Diabetes Risk Assessment using Socio-Economic Factors¶

Team¶

Tony DiRubbo - adirubbo13
Rohan Gopalan - ro7an69
Siddhant Kasture - sid12super
Sanchitha Sudarshana - Sanchita-10
Katia Leach - kleach01

Introduction¶

There are several types of diabetes, but type II diabetes is the most widespread, disproportionately affecting populations based on socioeconomic conditions rather than purely biological or health-related factors. The high costs associated with diabetes ranging from daily management tools like insulin and glucose monitors to long-term complications such as hospitalization and disability place pressure on both individuals and broader systems like public healthcare and private insurance. Insurance providers, particularly those serving low-income populations, face the dual challenge of managing increasing care costs while attempting to provide equitable coverage. As a result, marginalized communities often bear a greater burden of this disease, leading to an inequitable distribution of long-term health consequences and financial strain. This creates a clear and significant need for tools that can proactively identify at-risk individuals based on socioeconomic vulnerabilities, rather than waiting for physical symptoms or comorbidities to appear.

Our project seeks to address this need by developing a machine learning model that predicts a person’s likelihood of developing type II diabetes using a range of socioeconomic and demographic variables. These include income level, education attainment, employment status, access to healthcare, food security, and neighborhood characteristics, marital status, substance use, as well as age and gender. By focusing on these determinants, our model aims to help insurance providers and public health organizations better allocate resources, design targeted interventions, and implement preventative care strategies before diabetes manifests. Although our solution does not treat diabetes or directly intervene in care delivery, it represents an incremental yet important step toward addressing structural inequalities in disease prevention. In doing so, we hope to support stakeholders in reducing both the human and economic toll of diabetes through data-informed, equity-centered decision-making.

Literature Review¶

To understand current trends in diabetes prediction using machine learning, it is crucial to examine the existing literature. Key areas to focus on include data preparation methods, model selection, and evaluation metrics. Additionally, identifying key stakeholders in this field is essential for understanding the broader impact of machine learning in diabetes research.
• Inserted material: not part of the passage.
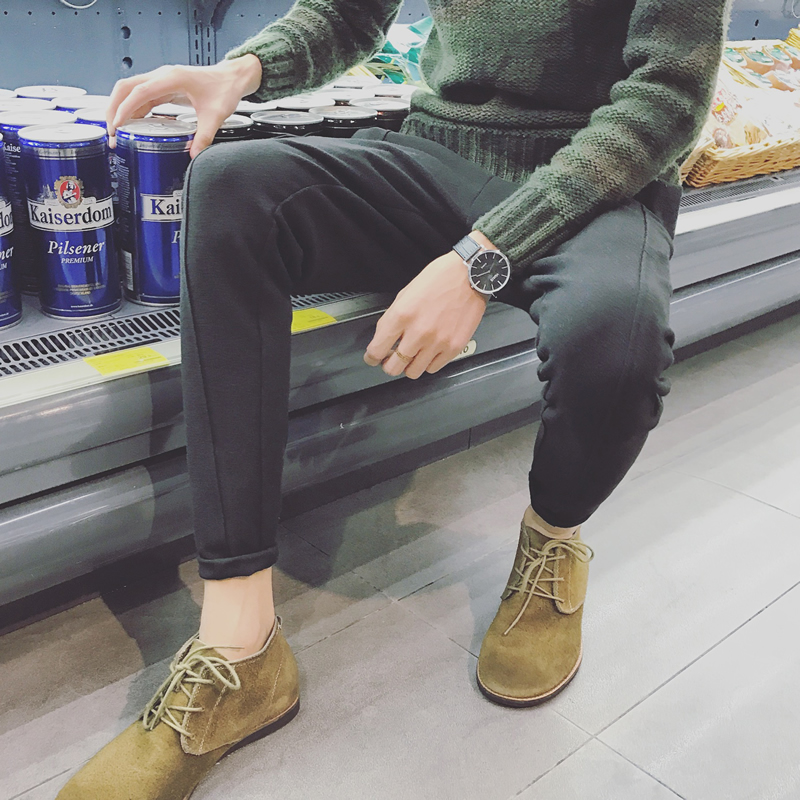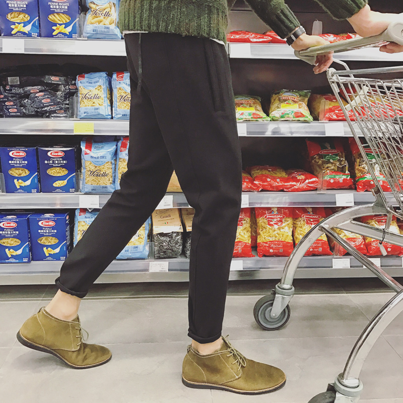 / 新款男裝港系冬裝厚款毛呢男士小腳休閑褲哈倫褲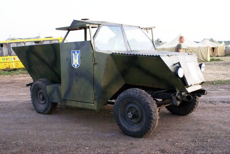Когда на Украине начались боевые действия, то стало понятно, что бронетехника в стране находится просто в отвратительном состоянии. Сюда добавились огромные потери боевых единиц, которые, по официальным данным на 2014 год, составили около 70% от все бронетехники страны. Ситуацию пришлось как-то исправлять уже на местах, создавая бронеавтомобили из всего, что было под рукой. Такие машины получили общее название "Шушпанцеры". Сегодня я покажу вам лишь малую часть из них. Давайте начнём с этого малыша, в котором лишь профессионалы узнают УАЗ-469Б. Проект "бронетюнинга" нашего УАЗика получил название "Скорпион". Обратите внимание на совершенно новый кузов с V-образнымднищем. Видимо, это некоторые зачатки защиты от подрыва на мине, а может просто кто-то решил сэкономить металл. Лобовое стекло сделано из двух боковых бронестекол от какого-то другого автомобиля. Боковые двери представляют собой глухие створки с откидывающимися вверх небольшими бойницами. Батальон МВД Украины «Днепр-1» какое-

In their paper Predicting Diabetes Mellitus with Machine Learning Techniques, Quan Zou, Kaiyang Qu, Yamei Luo, Dehui Yin, Ying Ju, and Hua Tang from the School of Computer Science and Technology at Tianjin University use Chinese hospital data to predict diabetes diagnoses. For data preparation, they employed Principal Component Analysis (PCA) to reduce dimensionality by creating new components derived from the original variables. PCA calculates eigenvalues from a feature matrix, helping streamline the analysis. PCA could potentially be a strong indicator of what socioeconomic factors play a large role in the components and thus how diabetes is predicted in the models developed. Meanwhile, authors Dagliati et al. (2018), in the Journal of Diabetes Science and Technology, highlighted the importance of scaling data and applied z-score scaling to standardize all numeric variables in their study.

Both papers utilized a similar set of categorical classification models, including decision trees, random forests, and neural networks. However, Aishwarya Mujumdar and Dr. Vaidehi from the Vellore Institute of Technology, Chennai, India, chose to use a K-Nearest Neighbors (K-NN) model in their study Diabetes Prediction Using Machine Learning Algorithms.

All three studies evaluated their models using accuracy as the primary metric. However, it is important to note that accuracy may not always be the best indicator of model performance. Precision and recall, which can be combined to generate an F1 score, may provide a more balanced assessment. The F1 score is the harmonic mean of precision (the proportion of true positives out of predicted positives) and recall (the proportion of true positives out of actual positives). The highest accuracies recorded in these studies were 0.8084, 0.7721, and 0.72, respectively. Note that these studies used health-related metrics to build their models, our models will be unique as socioeconomic factors will be implemented over health-related features to be more aligned with the benefits of the stakeholders.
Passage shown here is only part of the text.